A schoolteacher named Niki Junpei is unhappy with his life. He wants to find a new kind of beetle in the dunes, which he hopes will give his life more purpose and value. On the way to the sea, he passes through a village where people are poor and struggling. In one part of the village, there are deep holes that look like they were dug by hand.

An old man comes to Junpei and asks who he is. After hearing the answer, he offers him a place to sleep for the night in one of the holes. Junpei goes down the rope ladder where an attractive woman about his age greets him. She cooks dinner for him and then starts shoveling sand into cans with help from another person at the top of the hole. However, when Junpei realizes that she will be doing this all night, he gives up and goes to bed instead.

When he wakes up, the rope ladder has been removed and it’s impossible to climb out of the hole. The walls are too smooth for him to get a grip on them. He rages at this predicament until he becomes dehydrated, falls down, hurts himself and passes out.

A man is captured by a group of villagers, who want to kill him. When he recovers from his injuries, he takes a woman hostage and threatens to kill her if the villagers don’t let him go. However, they ignore this threat and cut off their water supply in retaliation. The man then makes a rope out of vines so that he can escape from the hole where he was being held captive, but becomes disoriented when wandering in the desert due to dehydration. He collapses into another hole near the village and is found by some other men who return him to his original captors.

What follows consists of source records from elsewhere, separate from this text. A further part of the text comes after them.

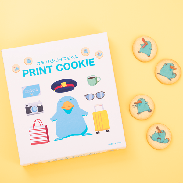 イコちゃんのイラストが印刷された可愛らしい一口サイズのクッキー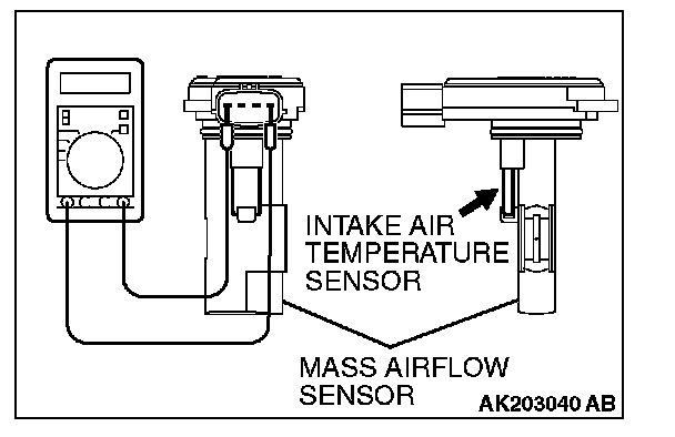 INTAKE AIR TEMPERATURE SENSOR CHECK1. Disconnect the mass airflow sensor connectors.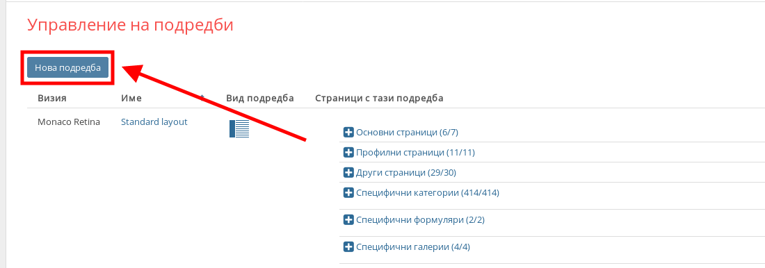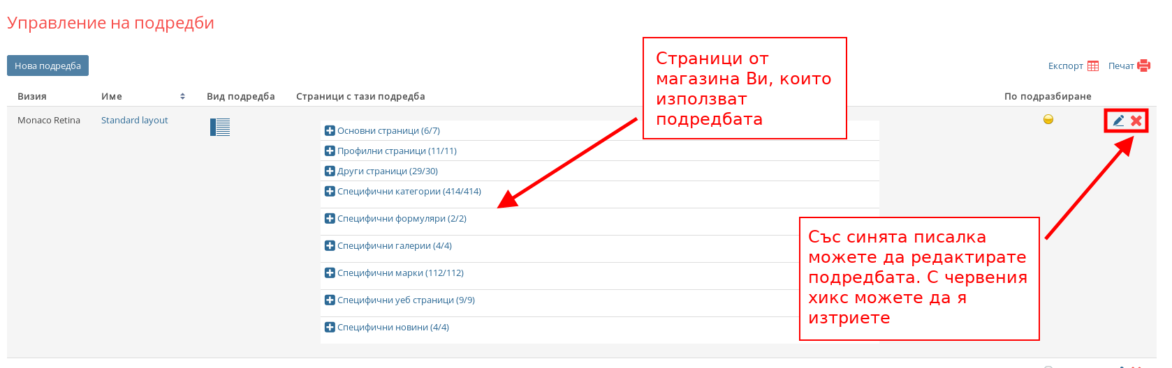 - В списъка с подредби можете да видите кои страници принадлежат на всяка подредба, както и да използвате бутоните за редакция на подредба или за изтриване.

Junpei joins the woman in digging and they have sex. He reflects on his previous relationships, which were not as good as this one. In some ways, he prefers this desperate relationship to them. He builds a trap for crows with the hope that it will catch an SOS message on its foot so that someone can save them from their situation. They both work hard at making beads in order to buy a radio so they don’t lose contact with the outside world.

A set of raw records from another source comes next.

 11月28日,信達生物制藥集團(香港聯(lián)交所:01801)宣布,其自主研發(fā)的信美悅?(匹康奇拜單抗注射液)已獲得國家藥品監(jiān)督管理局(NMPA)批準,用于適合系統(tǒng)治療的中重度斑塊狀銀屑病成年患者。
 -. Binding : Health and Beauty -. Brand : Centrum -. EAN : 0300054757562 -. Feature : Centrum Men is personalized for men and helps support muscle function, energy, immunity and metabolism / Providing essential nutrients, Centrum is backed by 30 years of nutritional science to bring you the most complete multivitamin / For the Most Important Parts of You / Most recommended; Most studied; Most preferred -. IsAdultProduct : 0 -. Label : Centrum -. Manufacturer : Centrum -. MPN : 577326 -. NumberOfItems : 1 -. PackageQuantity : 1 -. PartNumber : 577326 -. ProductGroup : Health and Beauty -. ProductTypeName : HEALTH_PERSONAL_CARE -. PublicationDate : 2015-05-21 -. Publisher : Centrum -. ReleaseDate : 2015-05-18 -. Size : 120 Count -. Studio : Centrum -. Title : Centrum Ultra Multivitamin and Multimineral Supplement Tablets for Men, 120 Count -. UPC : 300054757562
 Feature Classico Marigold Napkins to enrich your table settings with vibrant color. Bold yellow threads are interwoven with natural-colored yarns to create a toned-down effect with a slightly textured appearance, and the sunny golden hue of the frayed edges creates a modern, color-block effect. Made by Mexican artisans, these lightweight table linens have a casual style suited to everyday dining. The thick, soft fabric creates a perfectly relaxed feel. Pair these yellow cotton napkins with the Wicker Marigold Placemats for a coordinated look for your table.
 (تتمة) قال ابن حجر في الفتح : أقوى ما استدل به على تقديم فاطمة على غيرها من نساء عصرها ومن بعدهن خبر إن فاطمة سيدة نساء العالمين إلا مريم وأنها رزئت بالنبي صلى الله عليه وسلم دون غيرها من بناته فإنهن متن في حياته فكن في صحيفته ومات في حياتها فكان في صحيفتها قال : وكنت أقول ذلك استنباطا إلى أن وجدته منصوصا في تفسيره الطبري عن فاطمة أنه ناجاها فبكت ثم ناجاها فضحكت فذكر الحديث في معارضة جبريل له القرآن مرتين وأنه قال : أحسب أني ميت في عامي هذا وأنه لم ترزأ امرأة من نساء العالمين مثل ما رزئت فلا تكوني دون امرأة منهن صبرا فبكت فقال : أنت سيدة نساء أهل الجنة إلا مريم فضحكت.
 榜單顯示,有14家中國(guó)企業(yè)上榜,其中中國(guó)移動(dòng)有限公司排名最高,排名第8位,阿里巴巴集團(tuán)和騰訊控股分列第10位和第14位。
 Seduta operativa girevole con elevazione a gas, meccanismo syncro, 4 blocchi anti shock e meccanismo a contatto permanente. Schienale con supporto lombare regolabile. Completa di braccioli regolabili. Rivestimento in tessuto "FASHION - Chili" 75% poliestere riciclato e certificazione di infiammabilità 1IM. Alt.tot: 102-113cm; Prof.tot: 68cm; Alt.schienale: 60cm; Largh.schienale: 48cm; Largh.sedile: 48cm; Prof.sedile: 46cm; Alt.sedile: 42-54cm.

Junpei is delighted when a trap he set up to catch crows doesn’t capture any, but instead collects water. He records his daily water collection and plans to store enough for another digging stoppage.

The villagers offer him supervised walks outside the hole if he will let them watch him have sex with the woman. He agrees, but she tells him that they sell sand to builders even though it is too salty for construction.

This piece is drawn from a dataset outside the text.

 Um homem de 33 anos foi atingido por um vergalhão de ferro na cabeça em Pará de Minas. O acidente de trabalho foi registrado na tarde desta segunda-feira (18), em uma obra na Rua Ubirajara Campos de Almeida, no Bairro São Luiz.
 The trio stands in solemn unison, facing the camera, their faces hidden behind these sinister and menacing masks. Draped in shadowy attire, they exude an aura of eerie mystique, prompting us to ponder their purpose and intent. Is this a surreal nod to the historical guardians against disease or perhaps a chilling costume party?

The woman becomes pregnant, and the villagers try to take her to a hospital. Unfortunately, they leave the rope ladder in place, which Junpei uses to climb out of the hole. However, he realizes that his water-collection project is too important for him to just abandon it. He climbs back down into the hole again so he can continue working on it while waiting for the woman’s return.

The Woman in the Dunes explores themes of alienation and nihilism. The best known of Abe’s novels, it is the basis for his reputation as one of Japan’s most influential twentieth-century writers.